Should the company get to its 2016 production target, it would see the mine jump immediately to 30,000-40,000 tonne/day. Given that there are higher grade pockets clost to the surface, when assessing starter pit scenarios, it’s believed that payback time is greatly reduced. In 2010 the payback period was pegged at 4.1 years, but with the most recent PEA, that number has changed to closer to 3 years, and that’s with today’s gold prices, which could very realistically be increased between now and 2015.

LEADERSHIP COMPOSITION

Looking up and down the company roll call, there are a lot of faces there is an apparent Placer Dome influence on the company. Brian Groves was with Placer Dome for part of his career, as was CFO Larry Yau.. Completing the rest of the team are COO Morris Beattie, and a very accomplished Board that includes prominent investors and authors Jim Rogers (Spanish Mountain being the only public company whose Board he is a part of), and Don Coxe.

These last two figures bring some added advantages that other companies not be able to reap. Each of them are capable of bringing access to capital when it comes time to raise funds for construction, as well as bringing in excellent connections among institutions. The investment community likes these two, a lot, and the added credibility should help along the way, not only to the North American audience, but also to investors in Asia as well, especially among a sector that hasn’t had the best reputation as of late.

With 35% of the company’s shares held by insiders and management, there is an added buffer between the company and any unforeseen hostile/unwanted buyouts en route to the next stage of development.

THE BOTTOM LINE

Spanish Mountain has situated itself nicely within the heart of BC. Having already established positive relationships with the local communities and governments, it’s hard to see any hiccups in the community relations department.

Yes, it’s low grade, but what the Spanish Mountain project lacks in grade, it makes up for in infrastructure, location and many other factors that shave down the costs to make it more economically sound. As well, it cannot be ignore how LARGE the deposit is. At 3.2m measured &indicated, and 3.65m inferred, the Spanish Mountain Project is one of the biggest deposits held by an independent junior in North America. This points to the company’s potential attractiveness to a major down the road.

The goal for the company is to produce over 200,000 oz Au per year for 14+ years from an open pit mine with a low strip ratio. The deposit still has a large inferred resource of 3.65m ounces which can be reclassified to Measured & Indicated further on in the development, which could allow for a push back of the pit walls in order to further increase the life of the mine.

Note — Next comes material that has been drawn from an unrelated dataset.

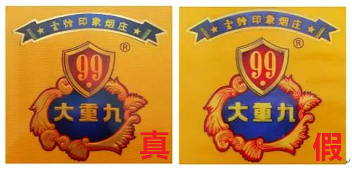1.假冒卷烟“盾牌”、“大重九”、字体、花团图案等商标未做凹凸处理。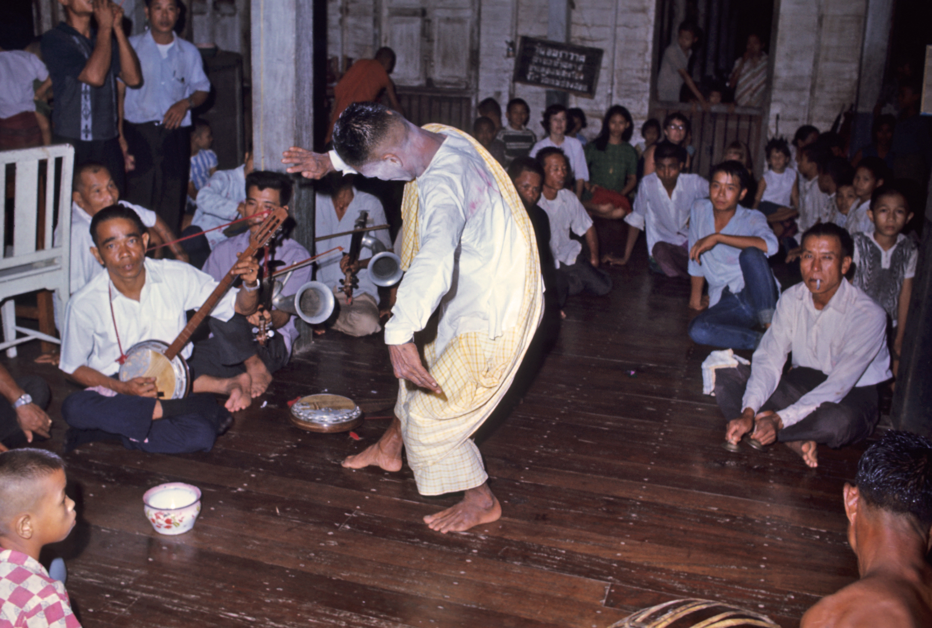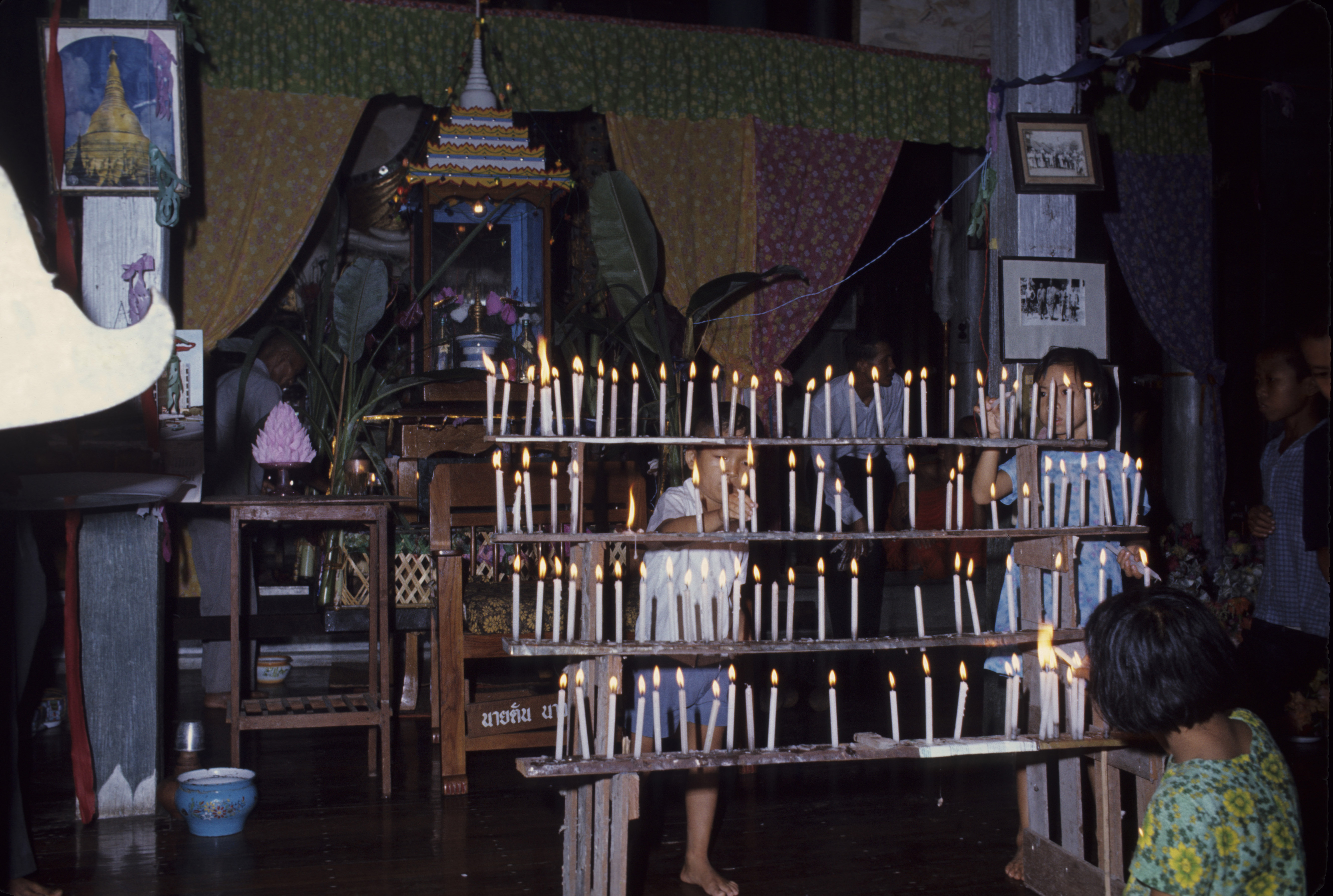 Thousand candle procession – at Wat Ommarawat: dancers, offering, offering inside Wat (children placing candles), congregation, lay people offerings and abbot of wat, 9 photos, Amphoe Mae Sariang, Changwat Mae Hong Son, Thailand, October 1968

One last thing to consider when looking at Spanish Mountain is the value per ounce calculation. Compared to other projects at a similar level, Spanish Mountain’s Measured & Indicated $15 AMC/oz, and $7 AMC/oz is among the lowest of its class. Most importantly, this tells us that the company is likely quite undervalued at this time, which is something everyone wants to hear.

G. Joel Chury

Legal Disclaimer/Disclosure: A fee has been paid for the production and distribution of this Report. This document is not and should not be construed as an offer to sell or the solicitation of an offer to purchase or subscribe for any investment. No information in this article should be construed as individualized investment advice. A licensed financial advisor should be consulted prior to making any investment decision. Financial Press makes no guarantee, representation or warranty and accepts no responsibility or liability as to its accuracy or completeness. Expressions of opinion are those of the author’s only and are subject to change without notice. Financial Press assumes no warranty, liability or guarantee for the current relevance, correctness or completeness of any information provided within this article and will not be held liable for the consequence of reliance upon any opinion or statement contained herein or any omission. Furthermore, we assume no liability for any direct or indirect loss or damage or, in particular, for lost profit, which you may incur as a result of the use and existence of the information, provided within this article.